Physical, mental, social and financial issues can all affect practically anyone. It's all too easy to overlook or dismiss wellbeing issues that aren't visible, physical health problems. But poor mental health, social isolation or financial difficulties can affect everyone. In fact, the number of people struggling financially is on the rise. An Ipsos poll for the World Economic Forum found that 1 in 4 people are struggling financially. A UK-specific FCA survey confirms these results almost exactly, with just under 8 million people struggling to pay bills.
And when we don’t get the support that we need to deal with these things, the idea that we can be expected to continue performing effectively is laughable. Fortunately, the events of the pandemic have dragged employee wellbeing to the forefront. Employee wellbeing was put under a spotlight back in 2021, but it's no less important now.
How to improve employee engagement in 2023
Global engagement has hardly budged over the past couple of years since dropping to 20%. Bearing that in mind, we’ve put together three tips for how to improve employee engagement in 2023:
Don't overlook your hybrid and remote staff
Remote work has become pretty normalised since the Pandemic. But even so, when you’re out of sight and out of mind, it’s easy to fall out of the loop. Be sure to liaise with your remote teams on a regular basis to update them regularly on the latest company objectives and policies. Despite the name, a remote-first approach gives everyone equal access to the same info and communications tools.
But even when they’re in the loop and working hard, it’s unfortunately still easy for remote workers to be ignored. They’re actually some of your most productive employees, so make sure to highlight their accomplishments and give them opportunities to collaborate with different people in the business.
Give employees channels to raise feedback
When employees can’t speak up, they’ll either leave or suffer in silence. The latter is a surefire route to burnout. Employees need to be able to raise problems affecting their engagement levels.

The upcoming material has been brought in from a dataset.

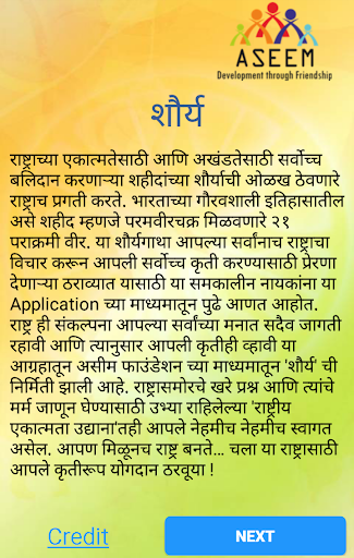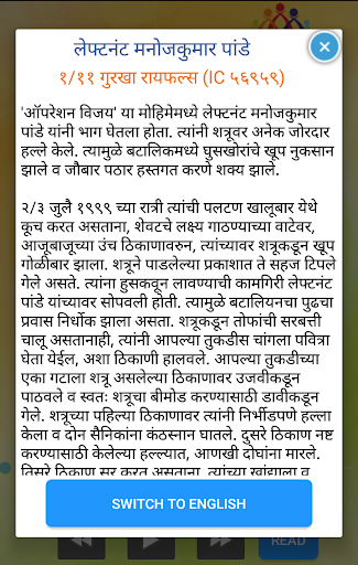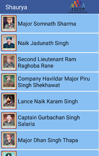 An application to honour our contemporary heroes, the Param Vir Chakra awardees. Listen to the thrilling tales of the 21 warriors who showed conspicuous valor in the face of the enemy. Also read the citations in English and Marathi.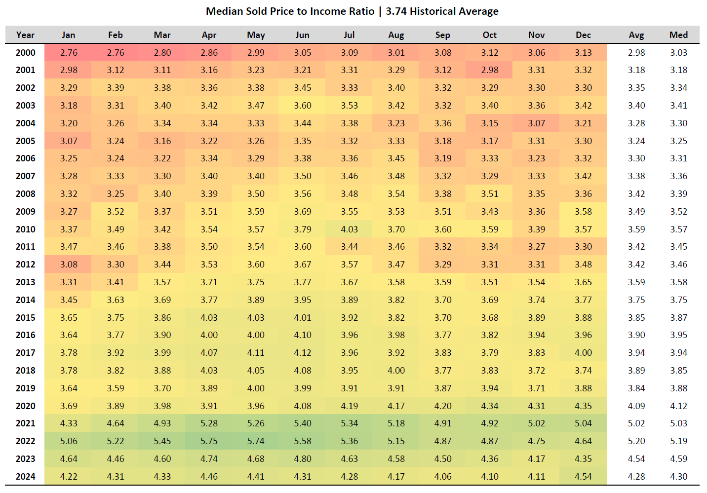 Over the past 24 years, the median sold price-to-income ratio in Austin has also increased. In 2000, the ratio was 2.76, meaning a home’s median price was 2.76 times the median household income. By April 2022, this ratio peaked at 5.75, highlighting the growing gap between Austin home prices and incomes. As of December 2024, the ratio stands at 4.54, above the historical average of 3.74. This indicates that despite recent improvements, Austin home prices remain disproportionately high compared to household incomes.

That might look like frequent employee check-ins, a manager’s open-door policy, or any other way you feel you can build a dialogue with employees. Just make sure you follow through with the workplace issues that employees raise. Otherwise, they’ll just become even more disengaged because communication seems pointless.
Focus on all forms of wellbeing
We won't waste time repeating what we said earlier. What we will say is that you should avoid trying to take a one-size-fits-all approach to employee wellbeing. HR must take a multi-layered approach to wellbeing if they want to be effective. Sick days and flexibility for medical or psychiatric appointments are just the most obvious layers. Other ways you're responsible for their wellbeing is by helping staff to bond socially and even the compensation they earn.
Build social connections with your staff and give employees access to knowledge resources such as professional financial advice. These are just two steps that could markedly improve engagement and wellbeing in your business. But you also need to consider whether your employees have a good work/life balance, and if you’re compensating them fairly for their time and effort.